- Church in Njombe town.
- Njombe Location in Tanzania
- Coordinates: 09°20′S 34°46′E﻿ / ﻿9.333°S 34.767°E
- Country: Tanzania
- Region: Njombe Region
- District: Njombe Urban District

Population (2012)
- • Total: 40,607
- Time zone: GMT + 3
- Website: www.tanzania.go.tz

= Njombe =

Capital city of Njombe Region, Tanzania

Njombe is a town in southern Tanzania. It is the regional capital of Njombe Region as well as the district headquarter of Njombe Rural District and Njombe Urban District.

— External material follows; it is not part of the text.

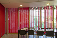 Modulation de la lumière à 180º Les stores à bandes verticales permettent un contrôle précis de la lumière en deux mouvements: ouvrir/fermer et orienter. On actionne les lames par un simple geste en fonction de l’orientation du soleil, pour un confort visuel et thermique maximal. Les lames (de 89 et 127 mm) ont un espace de séparation adéquat entre elles. Lorsque le store est fermé le chevauchement entre les lames permet de protéger complètement de l’impact de la lumière et de la chaleur. Il s’agit de systèmes très versatiles qui d’adaptent aux grandes ouvertures, hauts plafonds et superficies irrégulières comme les dénivelés, corniches, escaliers et espaces courbes. |

It is located at nearly 2000 meters of altitude on the eastern edge of the Kipengere Range and has the reputation of being a cold town.

==Transport==

===Road===
Paved Trunk road T6 from Makambako to Songea passes through the town.

===Railway Station===
The nearest train station on the TAZARA Railway – from Dar es Salaam to Lusaka – is located in the town of Makambako.

===Airport===
The nearest airstrip in Njombe is available at Melinze street near Mjimwema ward, most of time the airport is used by private flights and three years back there was commercial flight from Njombe airport to Dar es Salaam airport terminal 1 by Auriq air

==Population==
According to the 2012 national census the population of Njombe town – Njombe Mjini and Mjimwema wards – is 40,607.